Gemäß § 540 Abs. 1 Satz 1 ZPO wird auf die tatsächlichen Feststellungen, den Tenor und die Entscheidungsgründe des am 14. November 2006 verkündeten Urteils des Amtsgerichts Schöneberg Bezug genommen.
Der Antragsteller verfolgt mit der Berufung seinen Scheidungsantrag vom 13. November 2003 weiter und behauptet, dass auch für die Antragsgegnerin das für das Vereinigte Königreich und Irland massgebliche Anknüpfungskriterium des „domicile“ eindeutig nicht gegeben sei, da sie beide nicht nur vorübergehend, sondern auf unbestimmte Zeit und dauerhaft in Dubai – außerhalb der EU – leben würden und daher weder Wohnsitz noch „domicile“ in einem Mitgliedsstaat hätten.
Die Antragsgegnerin verteidigt die Entscheidung des Familiengerichts insbesondere mit dem Hinweis, dass ihr angestammtes „domicile of origin“ weiterhin in England sei, weil sie ihren Lebensmittelpunkt nicht auf Dauer in der Absicht, niemals nach England zurückzukehren, nach Dubai verlegt habe. Das „domicile of origin“ könne nur durch faktische Verlegung des Wohnsitzes verbunden mit dem voluntativen Element, dort auf immer oder unabsehbare Zeit zu bleiben, zum so genannten „domicile of choice“ geändert werden, so dass das Scheidungsverfahren gegen sie nach nationalem Recht im Vereinigten Königreich geführt werden könne.

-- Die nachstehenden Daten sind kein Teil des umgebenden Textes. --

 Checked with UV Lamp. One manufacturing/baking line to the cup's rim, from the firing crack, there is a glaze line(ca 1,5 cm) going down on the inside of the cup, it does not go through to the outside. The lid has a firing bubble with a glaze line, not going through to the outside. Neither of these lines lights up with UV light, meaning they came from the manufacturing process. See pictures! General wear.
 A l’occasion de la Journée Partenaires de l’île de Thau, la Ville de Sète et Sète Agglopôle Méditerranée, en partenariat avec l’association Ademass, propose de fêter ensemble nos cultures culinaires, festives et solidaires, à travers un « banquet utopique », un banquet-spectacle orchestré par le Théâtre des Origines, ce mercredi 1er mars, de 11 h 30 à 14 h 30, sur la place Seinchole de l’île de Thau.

Wegen der Einzelheiten des Berufungsvorbringens der Parteien wird auf die vorgetragenen Inhalte der eingereichten Schriftsätze sowie hinsichtlich der weiteren Hinweise und Parteierklärungen auf die Sitzungsniederschrift vom 4. April 2007 (Bl. 173) Bezug genommen.

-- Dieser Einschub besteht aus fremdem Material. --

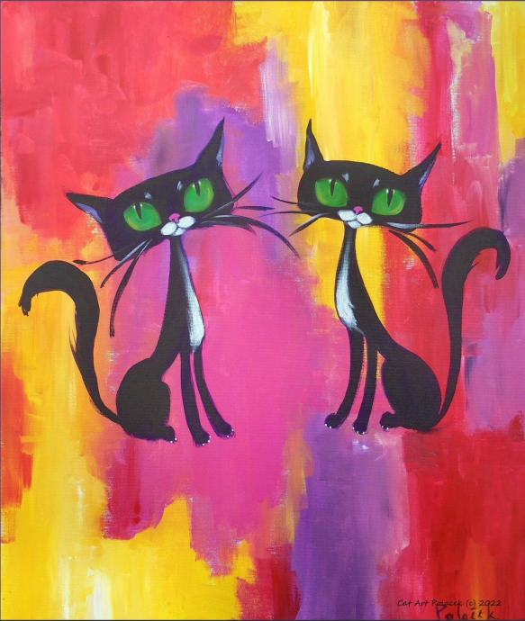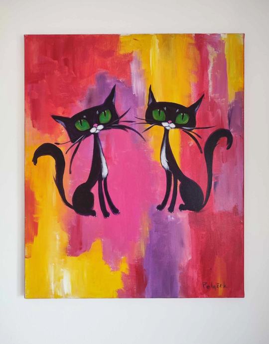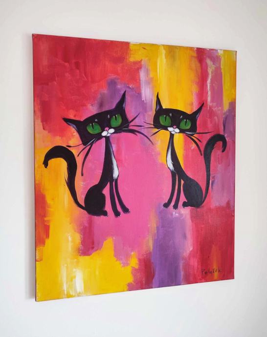 Mačkoslika - Zelenooke mačke, umjetnička slika, akad.slikarica Polaček
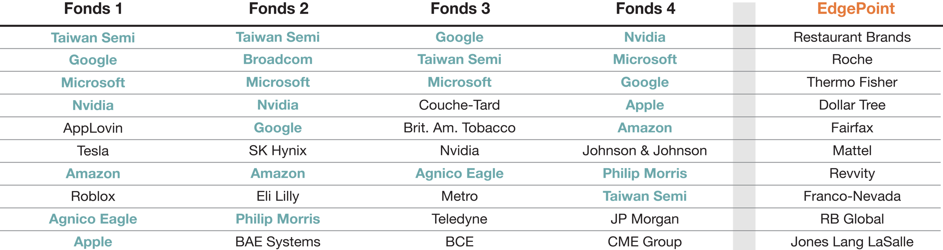 Pire encore, bon nombre de ces fonds ressemblent non seulement à leur indice de référence, mais aussi les uns aux autres. Voici les 10 principaux titres des plus grands fonds de la catégorie Actions mondiales par rapport au Portefeuille mondial EdgePoint:
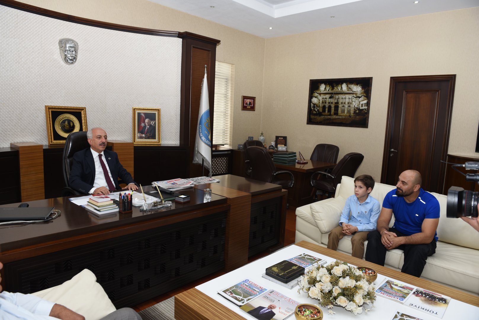 Geçtiğimiz hafta içerisinde Zonguldak’ta gerçekleştirilen Grekoromen Türkiye Güreş Şampiyonası’nda rakibine yenilen ve gözyaşlarına hâkim olamayan 11 yaşındaki Çorumlu Melih Büyükyıldız’ı, Belediye Başkanı Zeki Gül makamında kabul etti.
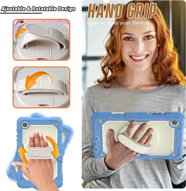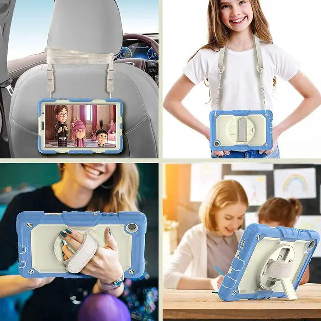 ?Adjustable Shoulder Strap + Hand StrapAdjustable shoulder grip can be slanted and release your hands completely.This function is used for traveling, restaurant ordering, home product introduction, engineer outdoor operation, teacher, etc. and even hang it on your car seat.Also, strap allows to hang up your tablet behind car seat for entertainment for kids.

I. Die zulässige Berufung des Antragstellers gegen das Urteil des Familiengerichts, das seine Klage – richtiger seinen vom 13. November 2003 datierenden Scheidungsantrag –wegen Fehlens der internationalen Zuständigkeit abgewiesen hat, ist unbegründet, da das Amtsgericht die internationale Zuständigkeit der deutschen Gerichte im Ergebnis zu Recht verneint hat. Zur Klarstellung der eingeschränkten Rechtskraftwirkung der bestätigten Entscheidung und im Hinblick auf § 622 Abs. 3 ZPO hat der Senat allerdings durch die Maßgabe bei der Zurückweisungsentscheidung auch in der Tenorierung des Urteils zum Ausdruck gebracht, dass der Scheidungsantrag durch Prozessurteil als unzulässig abgewiesen worden ist, weil das angerufene Gericht sich – entsprechend dem Art. 9 EG-VO Nr. 1347/2000 – für unzuständig erklärt hat.

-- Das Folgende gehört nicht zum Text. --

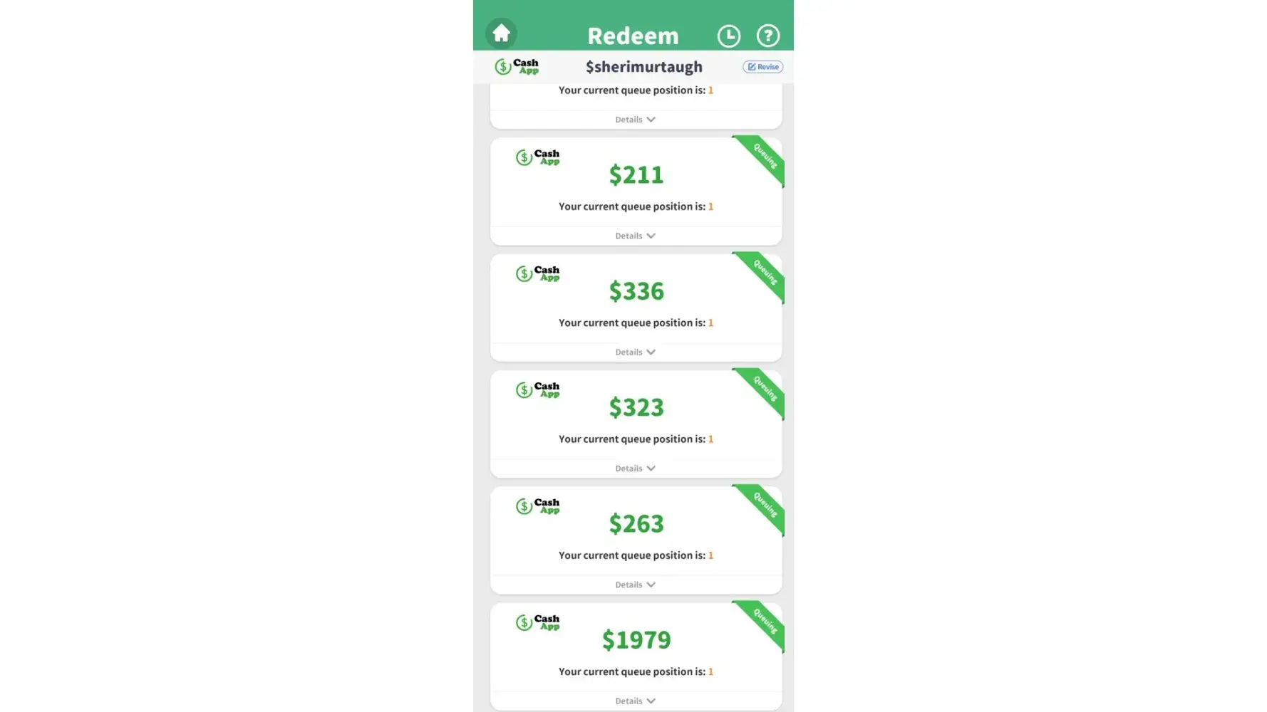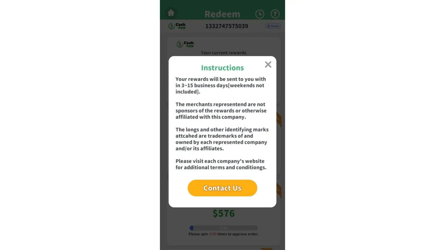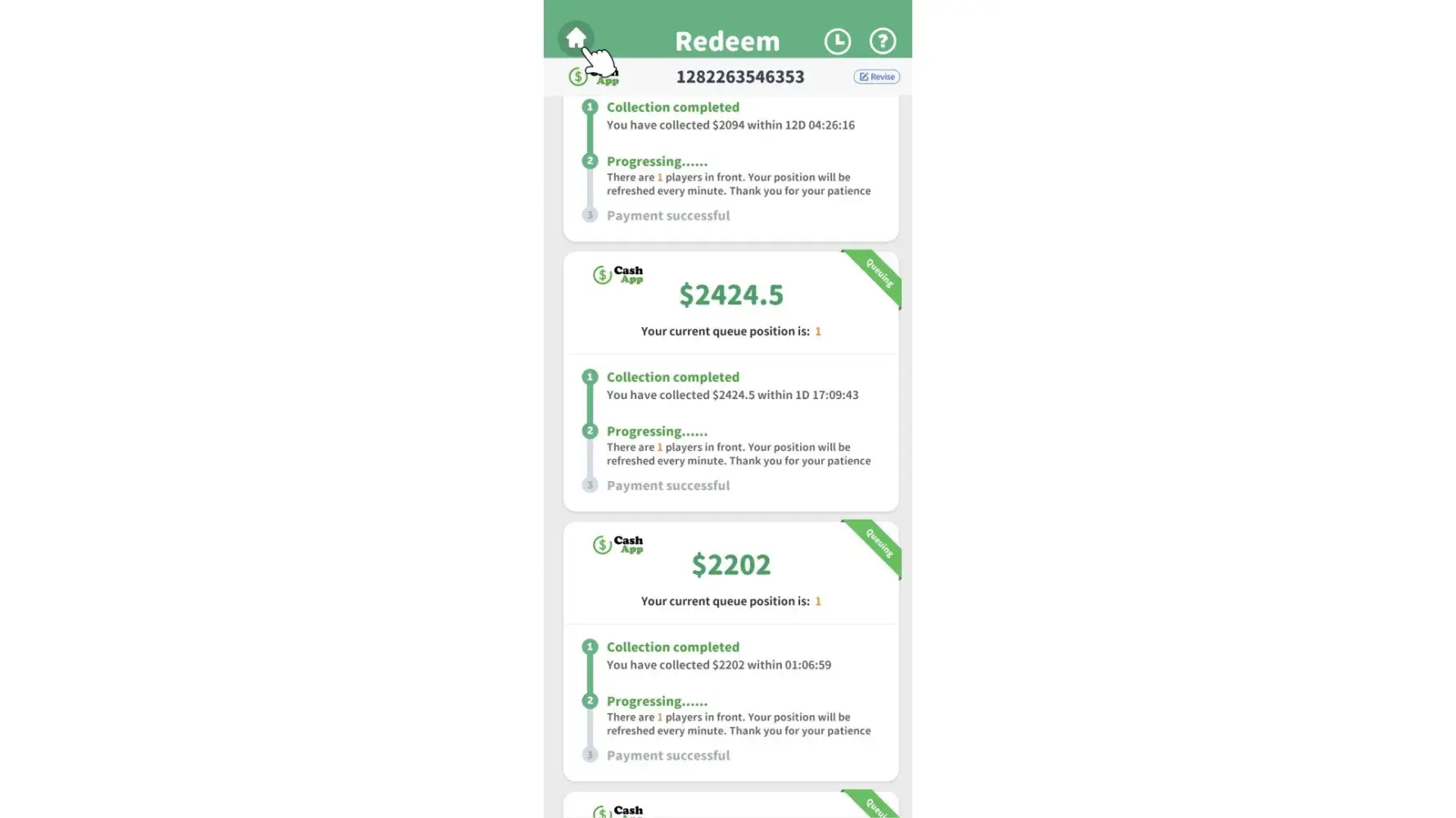 I'm dealing with the same thing. Spun the "required" number of times to "process" the payment then the ads then it said 2 days it would go to my CashApp and now it says I am like 5,518 in then que or some ridiculous number like that.

Die Prozessvoraussetzung der internationalen Zuständigkeit der deutschen Gerichte zur Entscheidung über den Scheidungsantrag des Antragstellers ist im Hinblick auf die mehrfache Auslandsberührung, hier zum einen durch den gewöhnlichen Aufenthalt beider Parteien in Dubai und zum anderen durch die britische Staatsangehörigkeit der Antragsgegnerin, in jeder Lage des Verfahrens von Amts wegen und unabhängig von Einlassungen des Prozessgegners zu prüfen, da dieser in Ehesachen keine Zuständigkeit durch rügelose Einlassung begründen könnte (vgl. Uwe Schmidt, Internationales Zivilprozessrecht, Rn. 236 f.).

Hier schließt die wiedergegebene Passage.